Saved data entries
____________

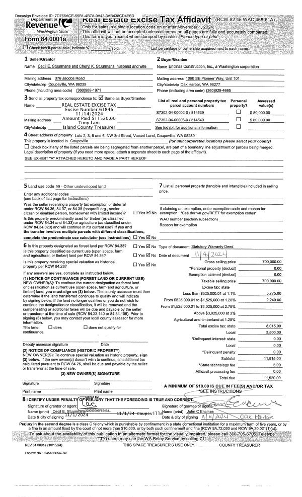 | 3 | 11/04/2024 | WD | Warranty Deed | STUURMANS, CECIL & CHERYL | ENCINAS CONSTRUCTION INC | | | $700,000.00 | 61846 | 4579445 |
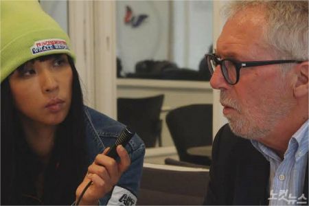 정혜윤 피디(왼쪽)가 파리 테러 유족 모임 ‘11 13 15 진실과 우애’ 필리프 뒤뻬롱 회장을 인터뷰하고 있다. 뒤뻬롱 회장은 2015년 11월 13일 발생한 파리 테러로 아들을 잃었다.
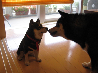 突然のサンちゃんの登場にびっくり!背中の毛を逆立てたままクンクン匂いをかいで大騒ぎで警戒態勢のもも。
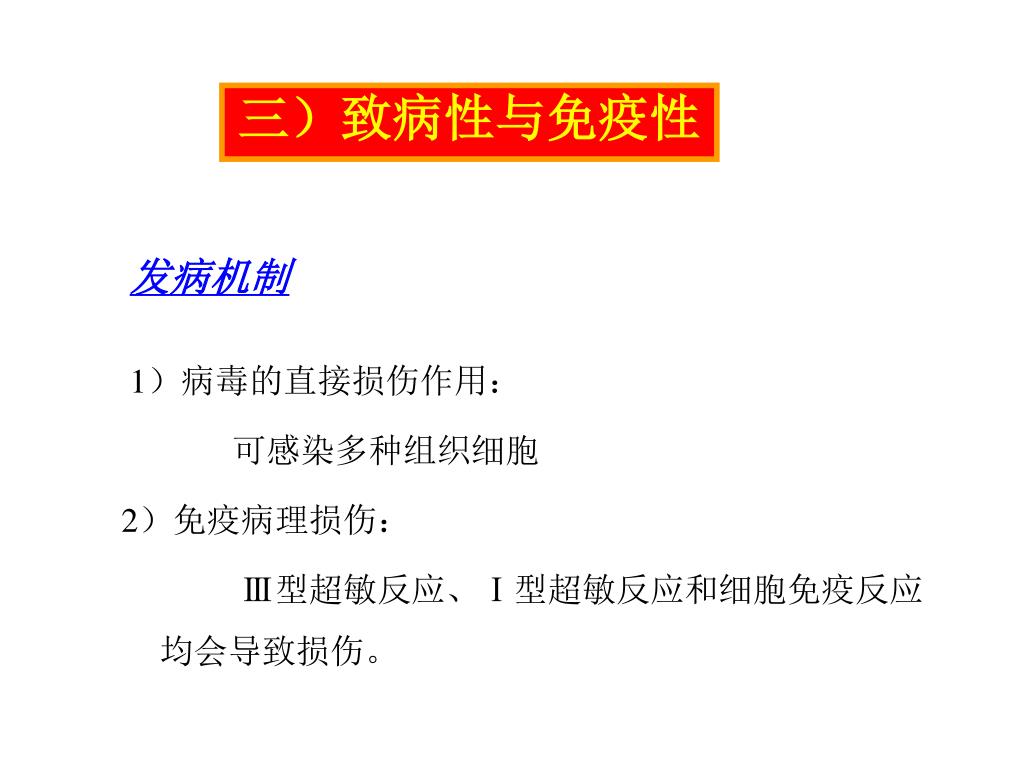 三)致病性与免疫性 1)病毒的直接损伤作用: 可感染多种组织细胞 2)免疫病理损伤: Ⅲ型超敏反应、Ⅰ型超敏反应和细胞免疫反应均会导致损伤。 发病机制
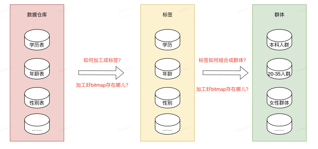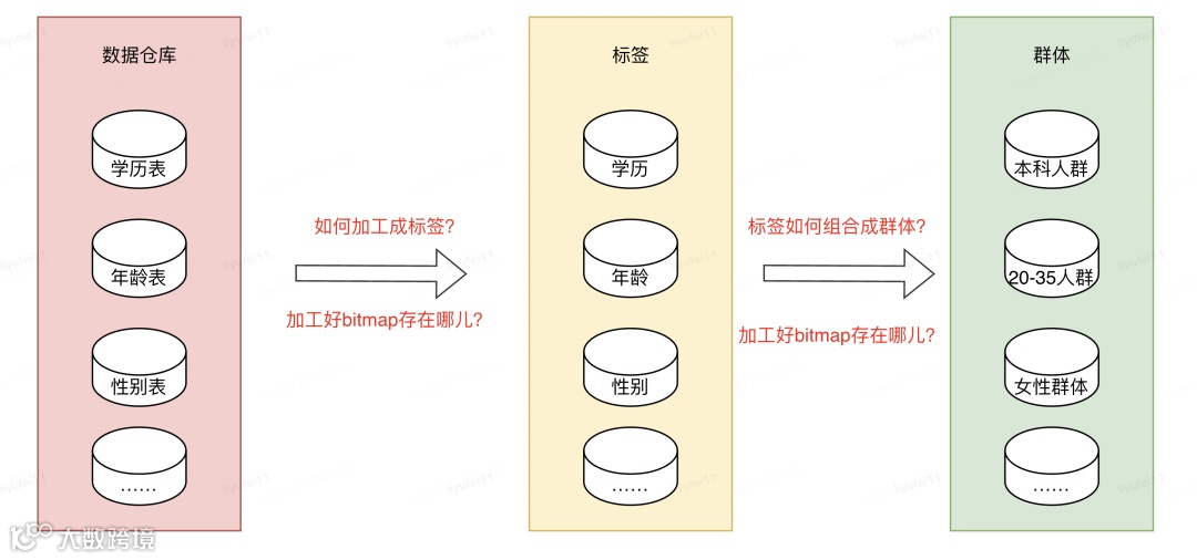 我们都知道数据仓库的概念,它的里边存储了我们所有的数据,其中就包含了标签或群体所依赖的数据,但是这些数据并不能直接拿来使用,想要变成业务需要的标签或群体数据,还需要进行加工。
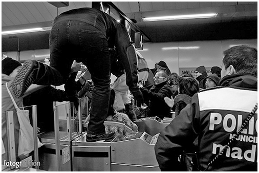 En la capital, en la primera acción, los participantes se citaron en la estación de Sol a las 5 de la tarde. La idea era saltar los tornos y entrar dentro del andén para protestar de forma simbólica. Sin embargo, los activistas no pudieron acceder en esta estación porque un fuerte dispositivo de la unidad antidisturbios impedía el paso. En ese momento han decidido dirigirse hacia la cercana estación de Callao.
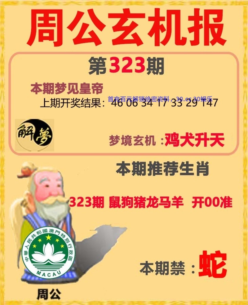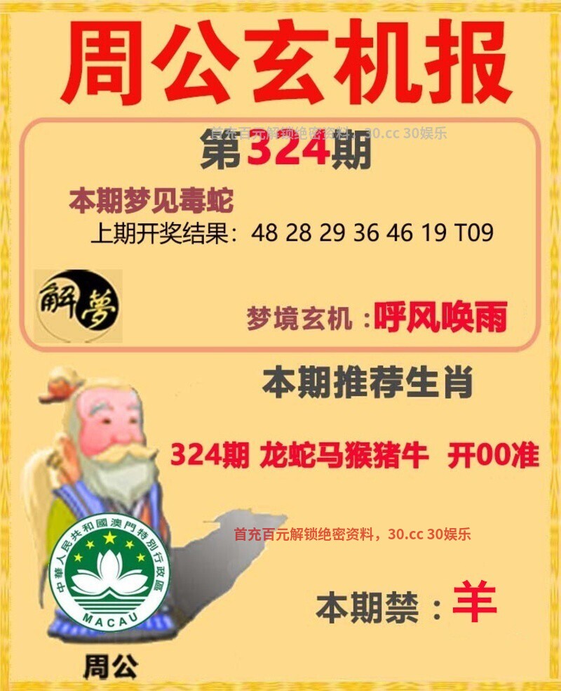 | 324期周公解梦 本期梦见:毒蛇 梦境玄机:呼风唤雨 本期推荐:龙蛇马猴猪牛 本期禁肖:羊 |
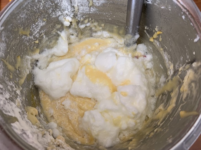 - Monter les blancs en neige et incorporer délicatement au mélange précédent.

____________

- [Work to be completed]: The answer must be the lines from the first one in the records through the line containing "本期推荐:龙蛇马猴猪牛 本期禁肖:羊 |", copied exactly, with no pictures.

- [Answer space]:
 | 3 | 11/04/2024 | WD | Warranty Deed | STUURMANS, CECIL & CHERYL | ENCINAS CONSTRUCTION INC | | | $700,000.00 | 61846 | 4579445 |
 정혜윤 피디(왼쪽)가 파리 테러 유족 모임 ‘11 13 15 진실과 우애’ 필리프 뒤뻬롱 회장을 인터뷰하고 있다. 뒤뻬롱 회장은 2015년 11월 13일 발생한 파리 테러로 아들을 잃었다.
 突然のサンちゃんの登場にびっくり!背中の毛を逆立てたままクンクン匂いをかいで大騒ぎで警戒態勢のもも。
 三)致病性与免疫性 1)病毒的直接损伤作用: 可感染多种组织细胞 2)免疫病理损伤: Ⅲ型超敏反应、Ⅰ型超敏反应和细胞免疫反应均会导致损伤。 发病机制
 我们都知道数据仓库的概念,它的里边存储了我们所有的数据,其中就包含了标签或群体所依赖的数据,但是这些数据并不能直接拿来使用,想要变成业务需要的标签或群体数据,还需要进行加工。
 En la capital, en la primera acción, los participantes se citaron en la estación de Sol a las 5 de la tarde. La idea era saltar los tornos y entrar dentro del andén para protestar de forma simbólica. Sin embargo, los activistas no pudieron acceder en esta estación porque un fuerte dispositivo de la unidad antidisturbios impedía el paso. En ese momento han decidido dirigirse hacia la cercana estación de Callao.
 | 324期周公解梦 本期梦见:毒蛇 梦境玄机:呼风唤雨 本期推荐:龙蛇马猴猪牛 本期禁肖:羊 |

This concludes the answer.